Ajay Vitthal Patil et al. J Biol Chem.

Abstract

Human RecQ-like helicase 4 (RECQL4) plays crucial roles in replication initiation and DNA repair; however, the contextual regulation of its unwinding activity is not fully described. Mutations in RECQL4 have been linked to three diseases including Rothmund-Thomson syndrome, which is characterized by osteoskeletal deformities, photosensitivity, and increased osteosarcoma susceptibility.
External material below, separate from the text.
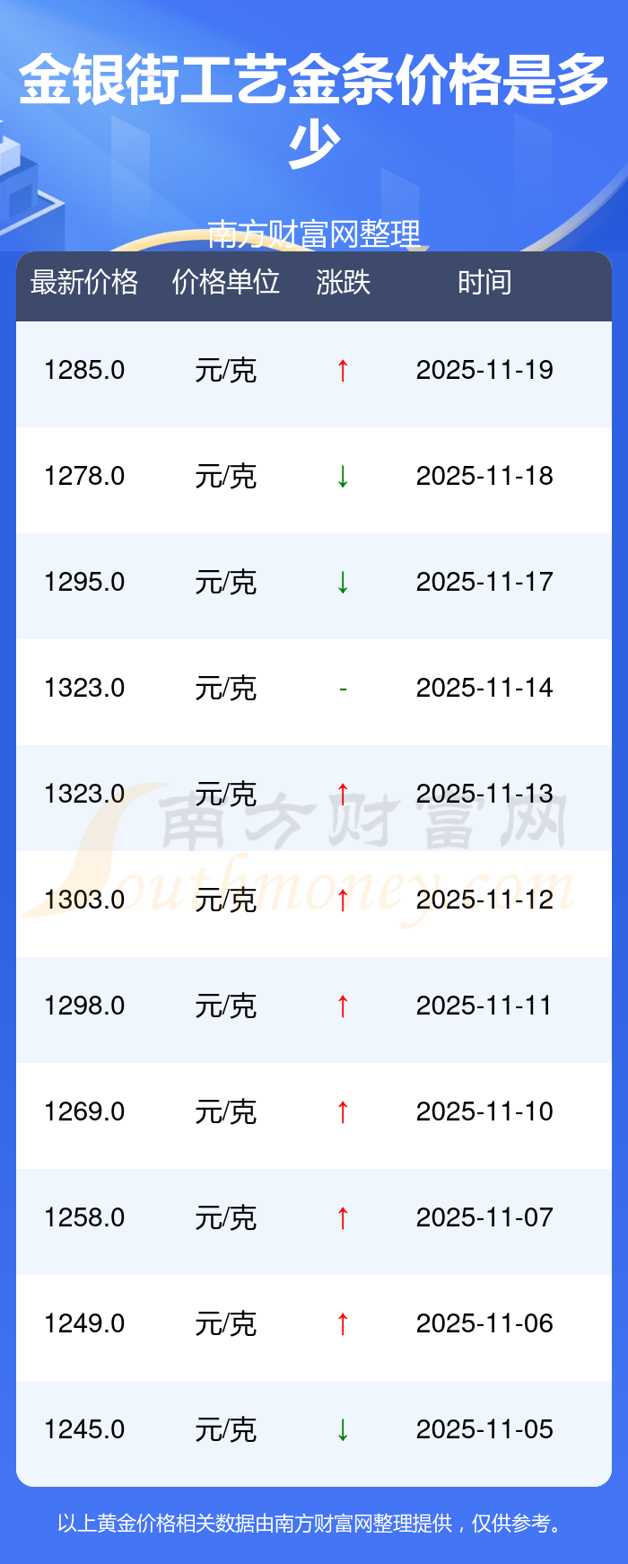 今日(2025年11月19日),金银街工艺金条最新价格为1285.0元/克。

Understanding regulation of RECQL4 helicase activity by interaction partners will allow deciphering its role as an enzyme and a signaling cofactor in different cellular contexts. We became interested in studying the interaction of RECQL4 with ribosomal protein S3 (RPS3) because previous studies have shown that RPS3 activity is sometimes associated with phenotypes mimicking those of mutated RECQL4. RPS3 is a small ribosomal protein that also has extraribosomal functions, including apurnic-apyrimidinic endonuclease-like activity suggested to be important during DNA repair. Here, we report a functional and physical interaction between RPS3 and RECQL4 and show that this interaction may be enhanced during cellular stress. We show that RPS3 inhibits ATPase, DNA binding, and helicase activities of RECQL4 through their direct interaction. Further domain analysis shows that N-terminal 1-320 amino acids of RECQL4 directly interact with the C-terminal 94-244 amino acids of RPS3 (C-RPS3). Biochemical analysis of C-RPS3 revealed that it comprises a standalone apurnic-apyrimidinic endonuclease-like domain. We used U2OS cells to show that oxidative stress and UV exposure could enhance the interaction between nuclear RPS3 and RECQL4. Regulation of RECQL4 biochemical activities by RPS3 along with nuclear interaction during UV and oxidative stress may serve to modulate active DNA repair.

Keywords: DNA helicase; DNA repair; base excision repair (BER); genomic instability; oxidative stress; protein-protein interaction.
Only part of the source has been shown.